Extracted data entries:
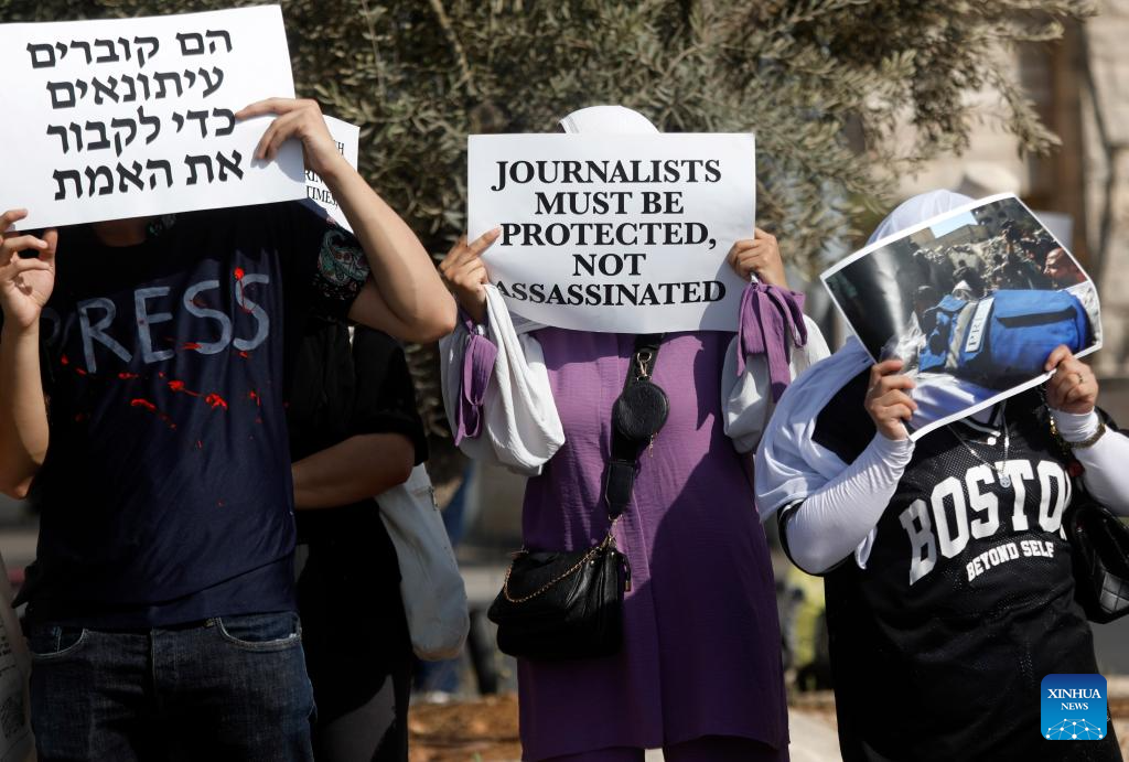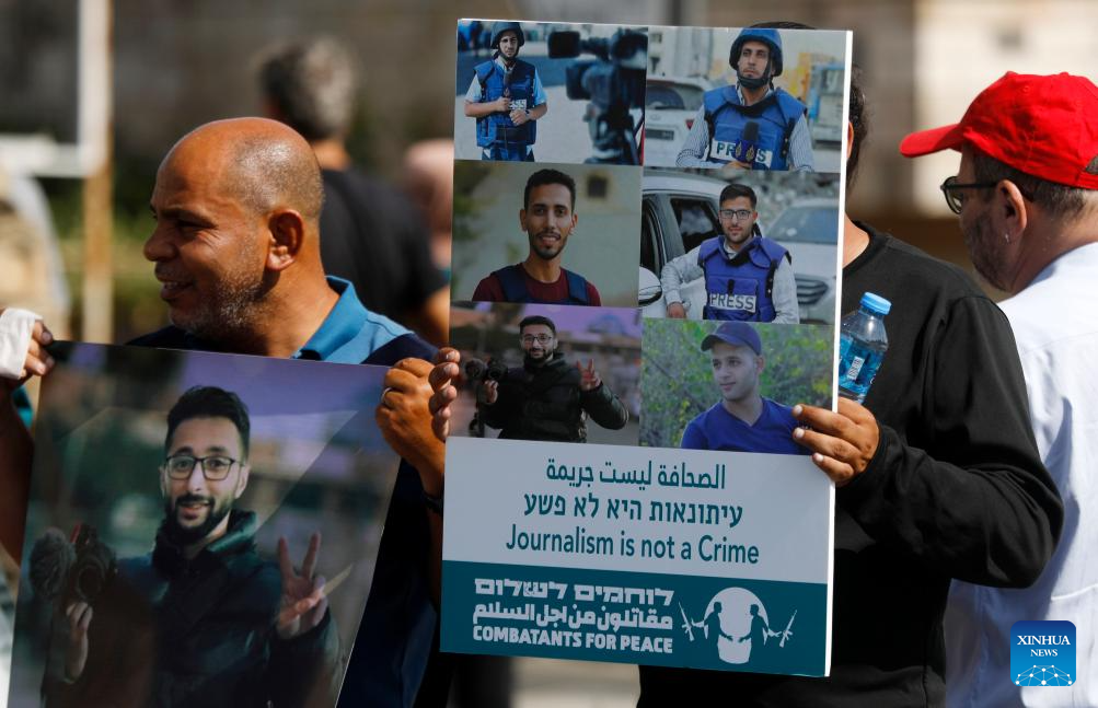 Palestinian and Israeli people hold placards and photos during a protest against Israeli army's killing of journalists, in the city of Beit Jala near Bethlehem, in southern West Bank, on Aug. 15, 2025. The United Nations (UN) on Monday condemned the killing of six Palestinian journalists in Sunday's Israeli airstrike on Gaza City as a "grave breach of international humanitarian law."
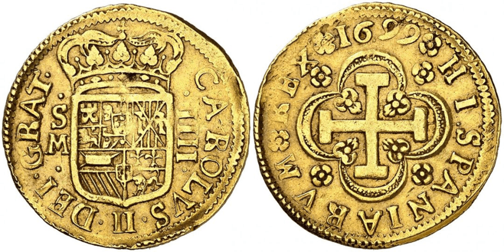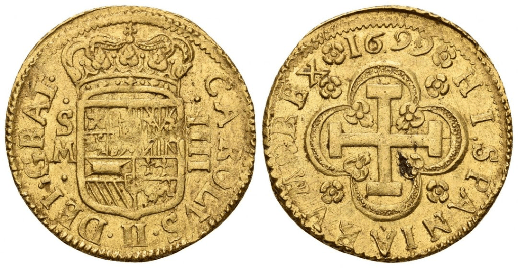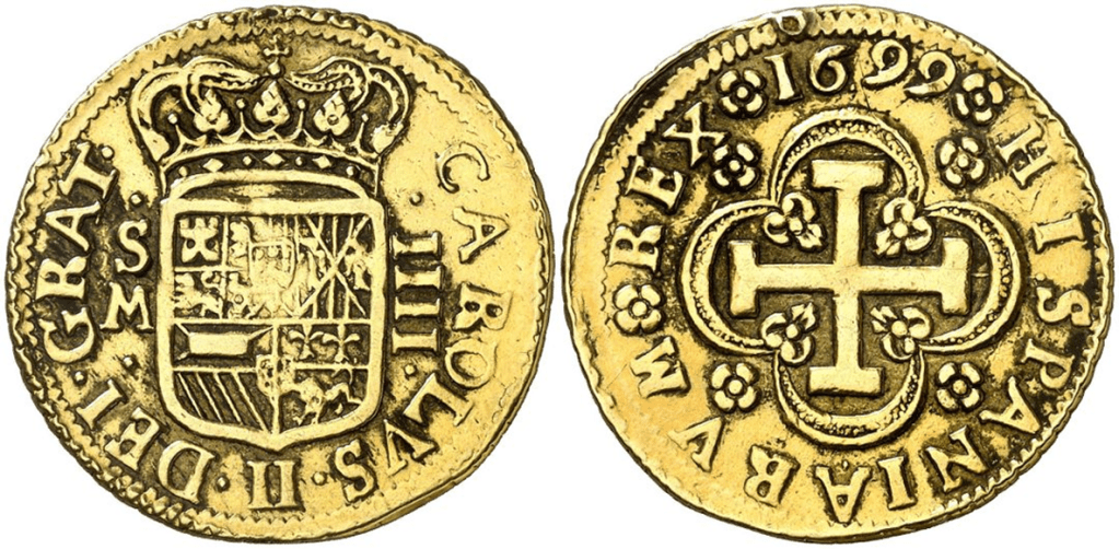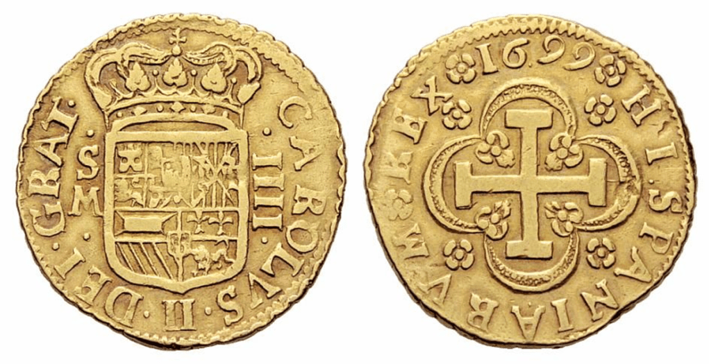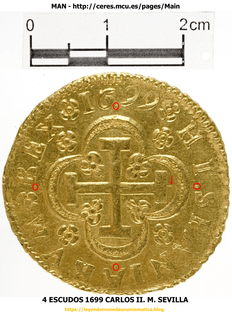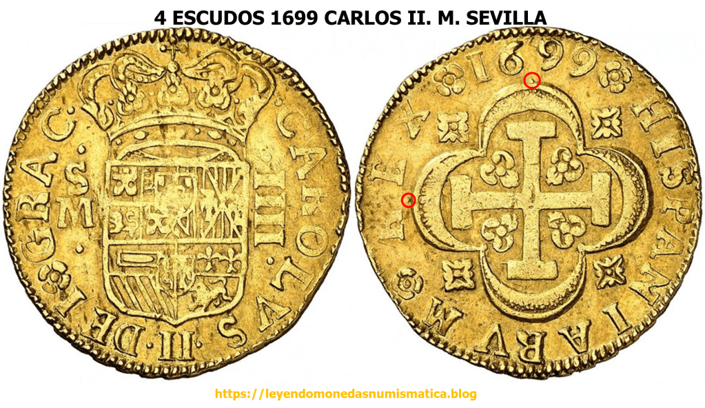 En 1699 se acuñaron en Sevilla, escudos de a 4. Voy a leer todas las piezas que conozco. 5 han aparecido en Subastas. Una hay en el Museo Arqueológico de Madrid (MAN).
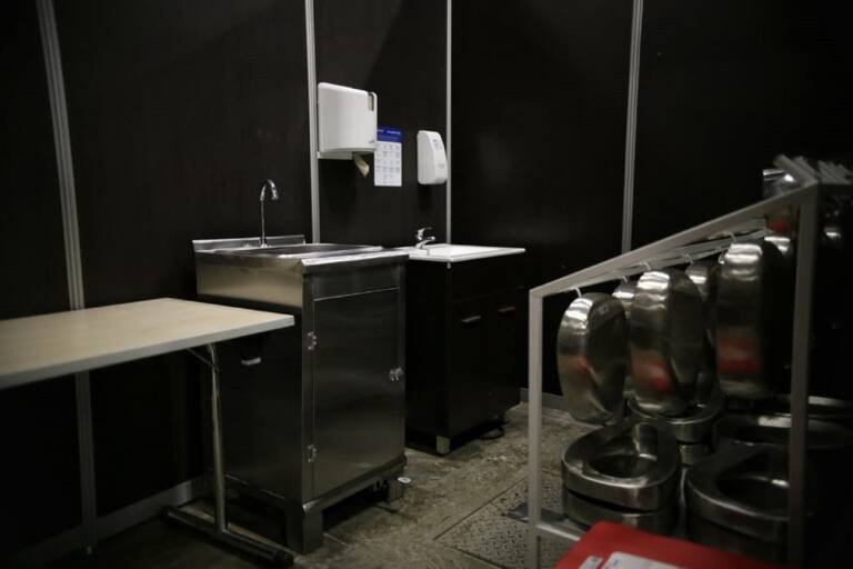 Este es uno de los lavamanos del personal médico y otros utensilios para los pacientes que no se puedan mover.
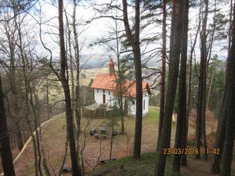Keywords: Pohled z vrcholu mařenické Kalvárie.JPG cs Od kříže na vrcholu kopce Kalvárie v Mařenicích je dobrý výhled na opravenou kapli 2016-03-23 11 42 03 own Zákupák other versions cc-zero Kalvárie Mařenice
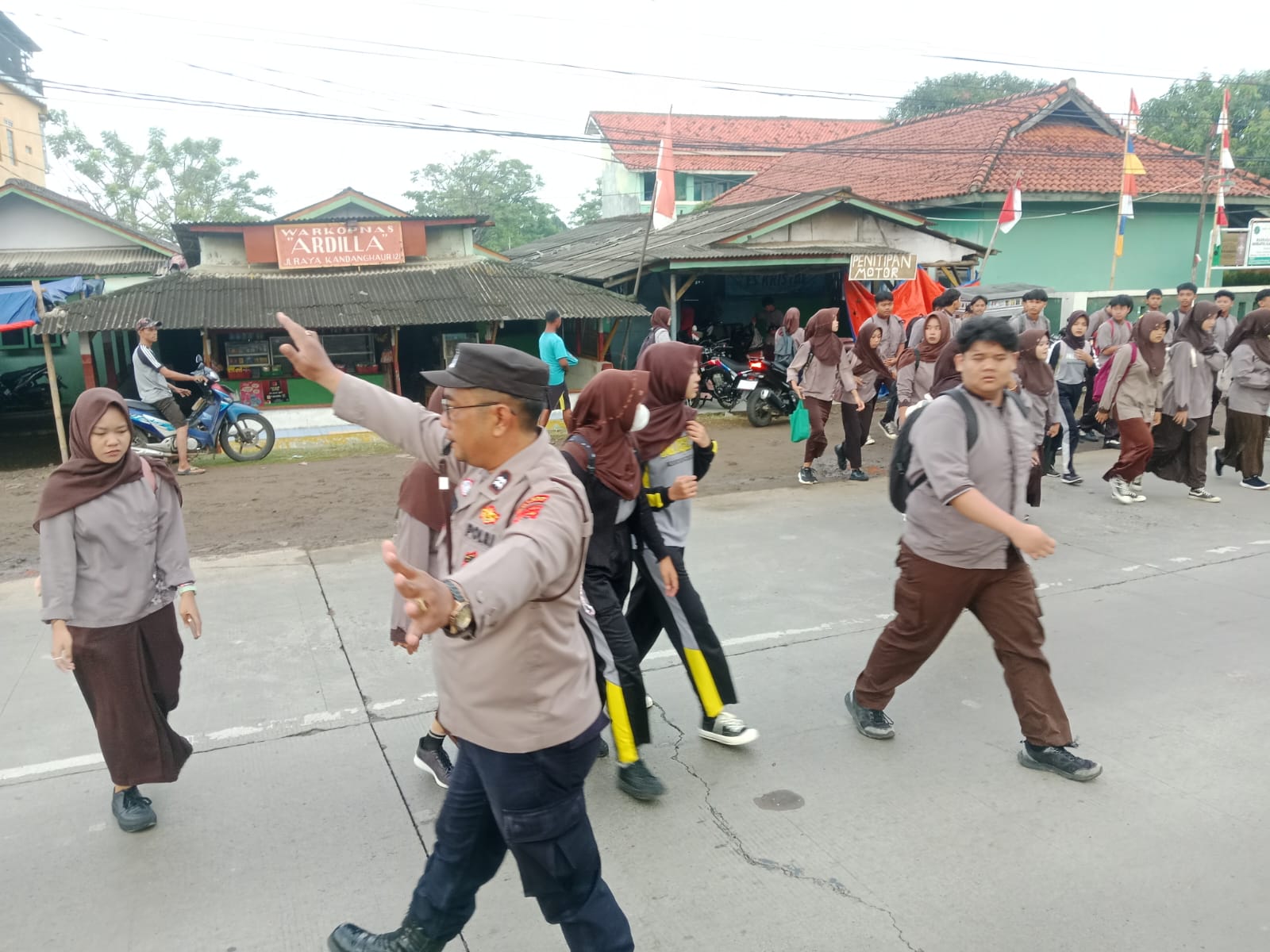 Indramayu – Wujud nyata kepedulian Polri terhadap keselamatan anak-anak di lingkungan sekolah ditunjukkan oleh Bhabinkamtibmas Polsek Kandanghaur, Polres Indramayu Polda Jabar AIPDA Demi Sentosa, yang sigap membantu pelajar menyebrang jalan di Jl. Raya Kandanghaur depan SMPN 1 Kandanghaur, Kecamatan Kandanghaur, Kabupaten Indramayu, Rabu (20/8/2025) pagi.
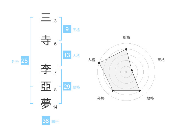 三寺 李亞夢さんを姓名の画数から五運を鑑定
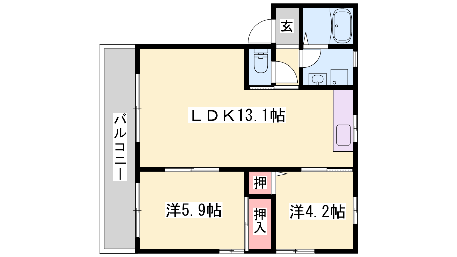 - LDK13.1帖、洋室5.9帖、洋室4.2帖
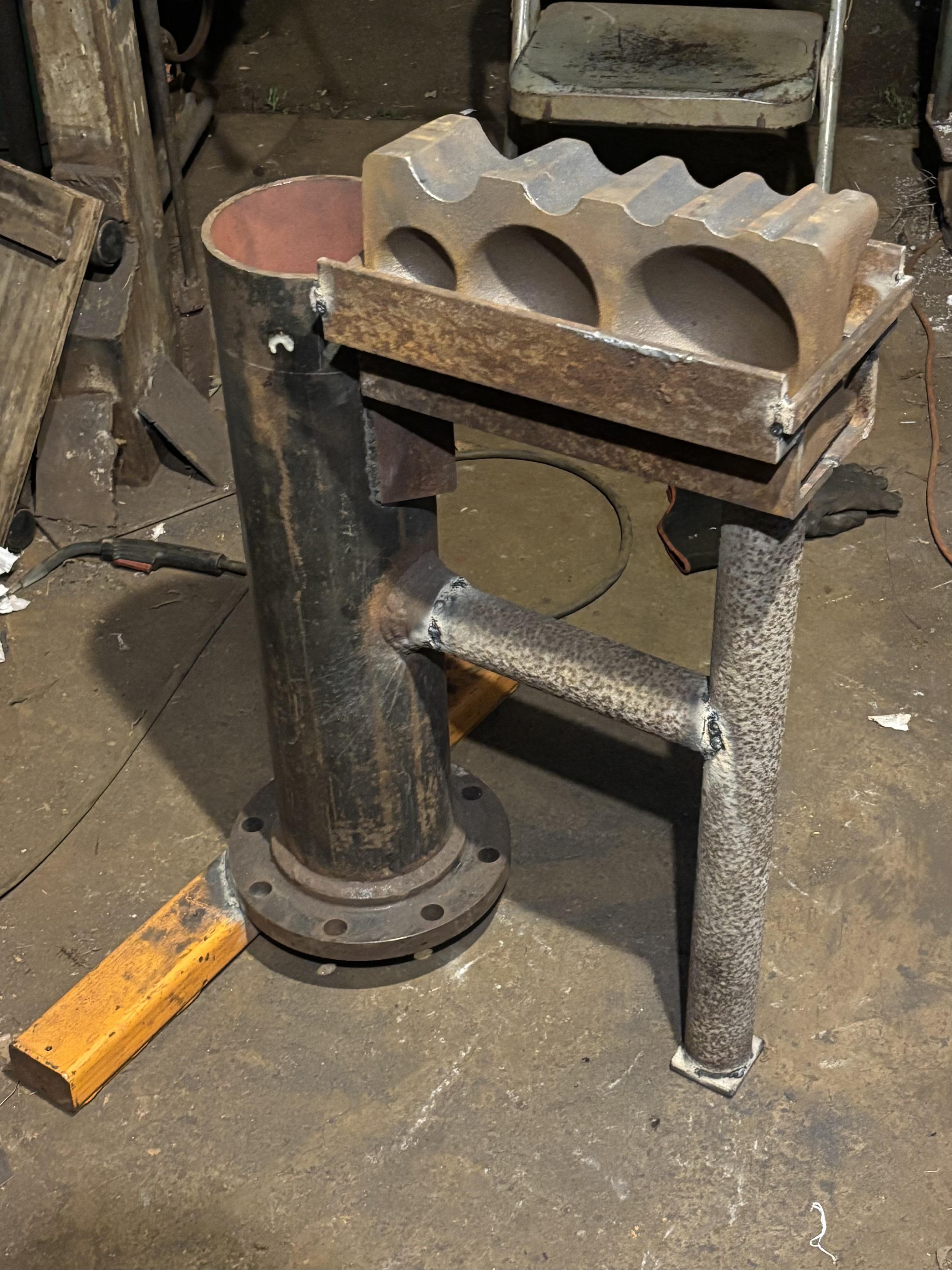 JHCC Posted October 5, 2025 Author Posted October 5, 2025 Update: I made a stand for the block. Regardless of whether a narrow or a wide face is upwards, the working surface is about the same height as my anvils (as are the jaws of the attached striking vise). The large pipe is filled with sand for additional mass and stability. Quote

Task prompt | Retype each line above precisely, please. Skip anything that is a picture.

Response area |
 Palestinian and Israeli people hold placards and photos during a protest against Israeli army's killing of journalists, in the city of Beit Jala near Bethlehem, in southern West Bank, on Aug. 15, 2025. The United Nations (UN) on Monday condemned the killing of six Palestinian journalists in Sunday's Israeli airstrike on Gaza City as a "grave breach of international humanitarian law."
 En 1699 se acuñaron en Sevilla, escudos de a 4. Voy a leer todas las piezas que conozco. 5 han aparecido en Subastas. Una hay en el Museo Arqueológico de Madrid (MAN).
 Este es uno de los lavamanos del personal médico y otros utensilios para los pacientes que no se puedan mover.
Keywords: Pohled z vrcholu mařenické Kalvárie.JPG cs Od kříže na vrcholu kopce Kalvárie v Mařenicích je dobrý výhled na opravenou kapli 2016-03-23 11 42 03 own Zákupák other versions cc-zero Kalvárie Mařenice
 Indramayu – Wujud nyata kepedulian Polri terhadap keselamatan anak-anak di lingkungan sekolah ditunjukkan oleh Bhabinkamtibmas Polsek Kandanghaur, Polres Indramayu Polda Jabar AIPDA Demi Sentosa, yang sigap membantu pelajar menyebrang jalan di Jl. Raya Kandanghaur depan SMPN 1 Kandanghaur, Kecamatan Kandanghaur, Kabupaten Indramayu, Rabu (20/8/2025) pagi.
 三寺 李亞夢さんを姓名の画数から五運を鑑定
 - LDK13.1帖、洋室5.9帖、洋室4.2帖
 JHCC Posted October 5, 2025 Author Posted October 5, 2025 Update: I made a stand for the block. Regardless of whether a narrow or a wide face is upwards, the working surface is about the same height as my anvils (as are the jaws of the attached striking vise). The large pipe is filled with sand for additional mass and stability. Quote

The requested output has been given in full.